- Directed by: Lucky Kohli & Rajesh Bajaj
- Produced by: A.P. Parigi
- Starring: Sarika Zain Khan Swini Khara Jackie Shroff Saurabh Shukla Vijay Raaz
- Music by: Aadesh Shrivastav Guru Sharma
- Distributed by: Mirchi Movies
- Release date: 26 September 2008;
- Running time: 86 minutes
- Country: India
- Language: Hindi

= Hari Puttar: A Comedy of Terrors =

Hari Puttar is a 2008 Indian comedy film directed by Lucky Kohli & Rajesh Bajaj. The film features Sarika, Zain Khan, Swini Khara, Saurabh Shukla, Vijay Raaz, Jackie Shroff and Lilette Dubey. It was released on 26 September 2008. The plot of the film is similar to the 1990 film Home Alone.

==Plot==

The film revolves around a ten-year-old boy, Hari Prasad Dhoonda (nicknamed Hari Puttar), who has recently moved from India to the United Kingdom. Left home alone with his cousin Tuk Tuk when his parents go on vacation, Hari must deal with two burglars who hope to steal a secret formula Hari's father had created.

==Soundtrack==
The soundtrack for Hari Puttar features songs composed by Aadesh Shrivastav with lyrics by Sameer:

- "Hari Puttar" – Shaan, Aadesh Shrivastava & Neha Bhasin
- "Tutari" – Sukhwinder Singh & Sunidhi Chauhan
- "Bhai Ae Gaya" – Akriti Kakkar & Vicky Chandra
- "Meri Yaadon Mein Hai Tu" – Shreya Ghoshal
- "Hari Hari Puttar Hai" – Hamza Faruqui, Zain Khan & Sonia
- "Hari Puttar is a Dude" – Aishwarya Majmudar & Sameer

==Reception==
Insiyah Vahanvaty of Rediff.com gave the film three out of five, writing, "Despite a few let-downs, the film is engaging and funny, keeping the children at the theatre in splits at the bumbling goondas. Do take your kids for the fun ride!"

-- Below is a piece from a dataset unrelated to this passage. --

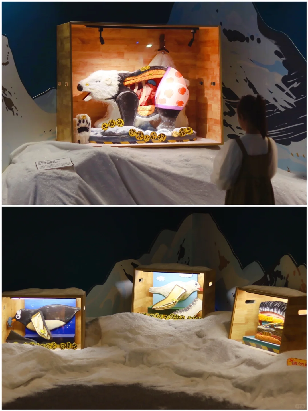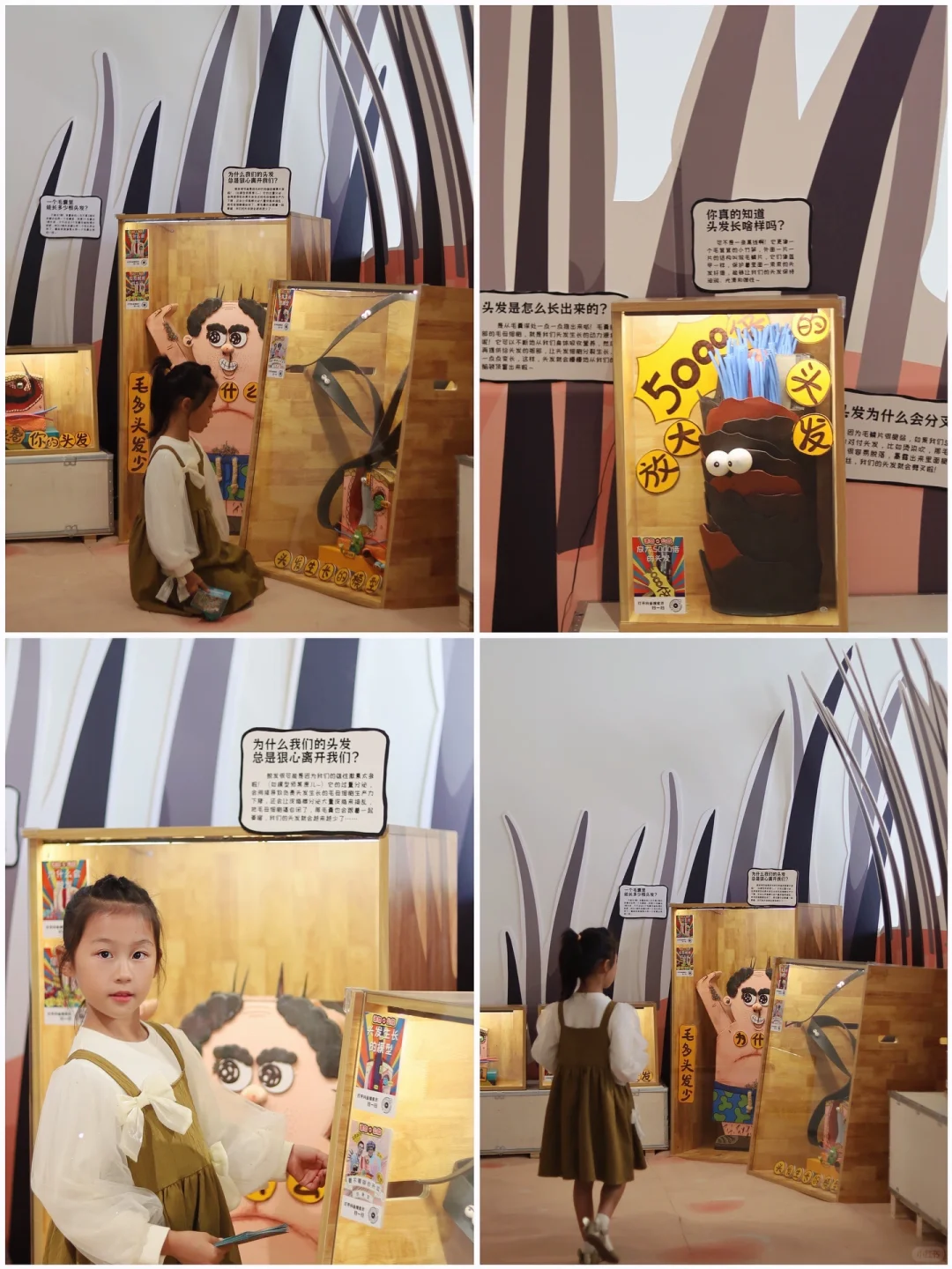 展馆总共分为三层4个区,A区是自然探索空间,B区是观影空间,在这里可以看到模型师老原儿以往的科普短视频,C区是人体探索空间与宝藏商店,D区是科普模型工作室真实还原

Conversely, Shubhra Gupta of The Indian Express gave a negative review, calling the script of the film a "script which doesn’t know the meaning of sense." Taran Adarsh of Bollywood Hungama gave the film one out of five, writing, "Zain Khan does a decent job. Swini Khara, seen in CHEENI KUM, gets no scope. Sarika looks disinterested. Also, she looks ill at ease delivering Punjabi lines. Lilette Dubey is miscast. As for Jackie Shroff, the less said the better. It's also sad to see actors like Saurabh Shukla and Vijay Raaz being reduced to such roles. They ham! On the whole, HARI PUTTAR – A COMEDY OF TERRORS is a poor show all the way."

==Controversy==
Warner Bros. filed a lawsuit against production company Mirchi Movies to stop the release of the film due to the similarity of its title to that of the Harry Potter series. Delhi High Court threw out the case on the basis that the public would be able to differentiate between the two titles, and that Warner had chosen to wait three years until the film's release to file their case.

Mirchi Movies CEO Munish Purii has insisted that there is very little similarity between Hari Puttar and any elements in the Harry Potter franchise, and explained that Hari is a popular Indian name, while "puttar" means "son" in the Punjabi language.